“I don’t know where they are,” Ramirez answered, holding the rounds stiffly out away from his body. “I tossed them away.”
“Good God Almighty! Find them.” Ramirez could not. Tipper got down on his hands and knees to help look.
They found the pins. Ramirez’s arms were twitching as Tipper carefully reinserted the pins. “When the disarming was accomplished,” Tipper said, “Joe calmed down and his twitching stopped. Mine started at that point.”
No attack developed. This was because Colonel von der Heydte, short on ammunition after six days of heavy fighting with no supplies reaching him, had pulled most of his force out of Carentan. He left behind one company to hold the city as long as possible, while he got resupplied and prepared a counterattack from the southwest. The fifty-man
company in Carentan had a machine-gun position to shoot straight up the road leading to the southwest, and 80 mm mortars zeroed in on the critical T-junction on the edge of town.
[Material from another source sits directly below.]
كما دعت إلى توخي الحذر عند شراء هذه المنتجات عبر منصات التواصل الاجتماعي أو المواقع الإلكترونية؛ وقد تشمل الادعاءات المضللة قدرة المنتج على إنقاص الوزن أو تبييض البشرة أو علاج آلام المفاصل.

Easy moved out again, headed northeast. By 0530, the 2nd Battalion of the 506th was in position to attack Carentan. The objective was the T-junction defended by the company from the 6th Parachute Regiment. The last 100 or so meters of the road leading to the T-junction was straight, with a gentle downward slope. There were shallow ditches on both sides. F Company was on the left flank, with E Company going straight down the road and D Company in reserve.
The orders were to move into Carentan and link up with the 327th coming in from the north.
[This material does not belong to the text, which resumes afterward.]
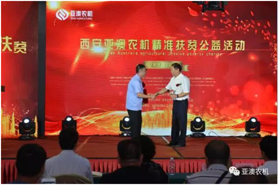 亞澳精準扶貧公益活動現(xiàn)場,中國農(nóng)機化協(xié)會會長劉憲到會致辭,并給予亞澳頒發(fā)證書。
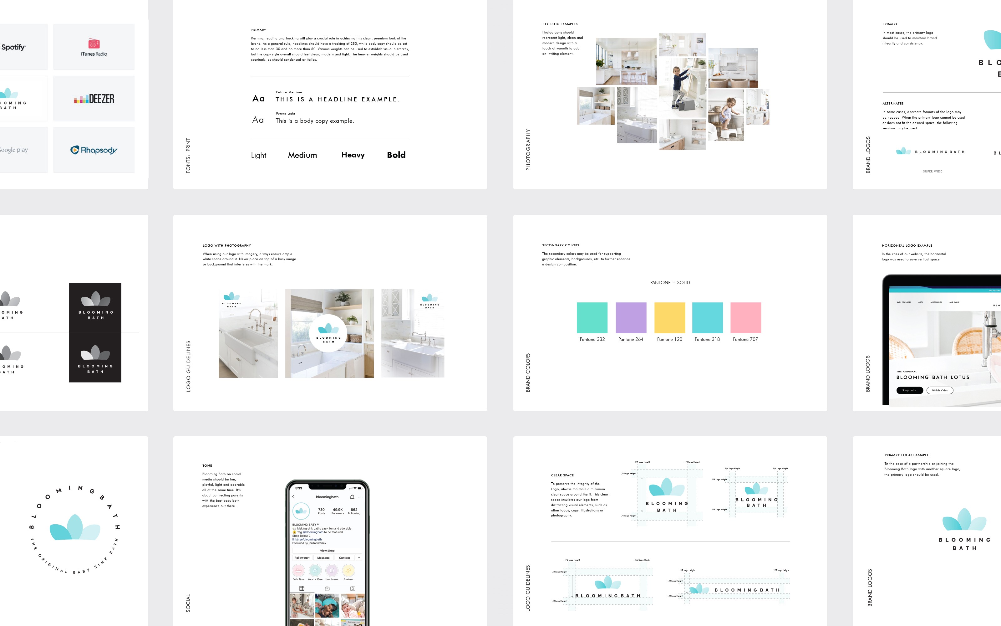For Blooming Bath, I led a complete brand overhaul aimed at modernizing and refreshing the company’s identity while preserving its playful, baby-friendly essence. Known for their flower-shaped cushions that turn any sink into a cozy, safe space for baby bath time, the product inspired a visual system rooted in softness, warmth, and joy. The rebrand included a new logo, updated typography, color palette, packaging, website, and social media presence. Each element was thoughtfully designed to feel clean, contemporary, and emotionally resonant—positioning Blooming Bath as both a functional must-have and a feel-good favorite for modern parents.

All was quiet, no action. Lieutenant Lavenson, formerly of E Company, now battalion S-l, went into a field to take a crap. The men could see his white fanny in the early dawn light. A German sniper fired one shot and hit Lavenson in the butt. (He was evacuated to England; later, as he was being flown back to the States, his plane went down over the Atlantic.)
By this time, Winters was furious. It had taken all night for regiment to get the men in position. Stop, move out, stop, move out, so many times that the men were worn out. “It shouldn’t have been,” Winters said: “It wasn’t that difficult.
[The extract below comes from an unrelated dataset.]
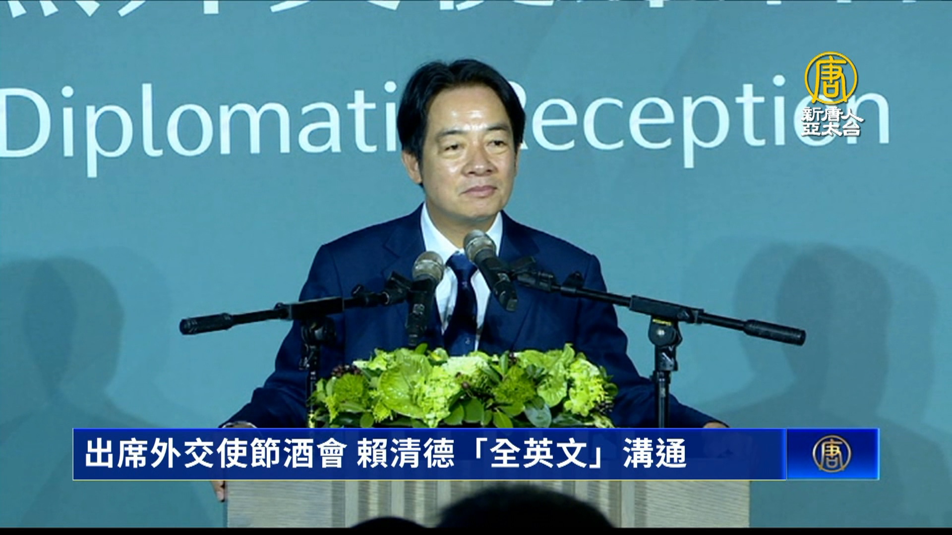【新唐人亞太台 2023 年 10 月 27 日訊】民進黨總統參選人賴清德,今天晚上出席外交使節酒會,罕見用全英文的方式,直接向來自50多國的駐台使節溝通。強調他會堅守總統蔡英文所提出的「四個堅持」同時,也會推動「和平四大支柱」,在對等尊嚴下展開兩岸對話。

We had screwed away the night, just getting into position.” There was no time for a reconnaissance,- Easy had no idea what lay ahead. There was no artillery preparation, or air strikes.
The order came down: attack at 0600.
Winters had his old platoon, the 1st, under Lieutenant Welsh, on the left side of the road, just past where the road curved and then straightened out, with 2nd platoon on the right and 3rd platoon in reserve. The men lay down in the ditches by the side of the road, awaiting orders. The German defenders had not revealed their machine-gun position or fired any mortars. Everything was quiet.
At 0600 Winters ordered, “Move out.” Welsh kicked off the advance, running down the road toward the T-junction some 50 ‘ meters away, his platoon following. The German machine-gun opened fire, straight down the road. It was in a perfect position, at the perfect time, to wipe out the company.
The fire split the platoon. The seventh man behind Welsh stayed in the ditch. So did the rest of the platoon, almost thirty men. They were face down in the ditches on both sides of the road, trying to snuggle in as close as they could.
Winters jumped into the middle of the road, highly agitated, yelling, “Move out! Move out!” It did no good; the men remained in place, heads down in the ditch.
From his rear, Winters could hear Lieutenant Colonel Strayer, Lieutenants Hester and Nixon, and other members of the battalion HQ hollering at him to “get them moving, Winters, get them moving.”
Winters threw away his gear, holding onto his M-l, and ran over to the left side, “hollering like a mad man, ‘Get going!’ ” He started kicking the men in the butt. He crossed to the other side and repeated the order, again kicking the men.
“I was possessed,” Winters recalled. “Nobody’d ever seen me like that.” He ran back to the other side, machinegun bullets zinging down the street. He thought to himself, My God, I’m leading a blessed life. I’m charmed.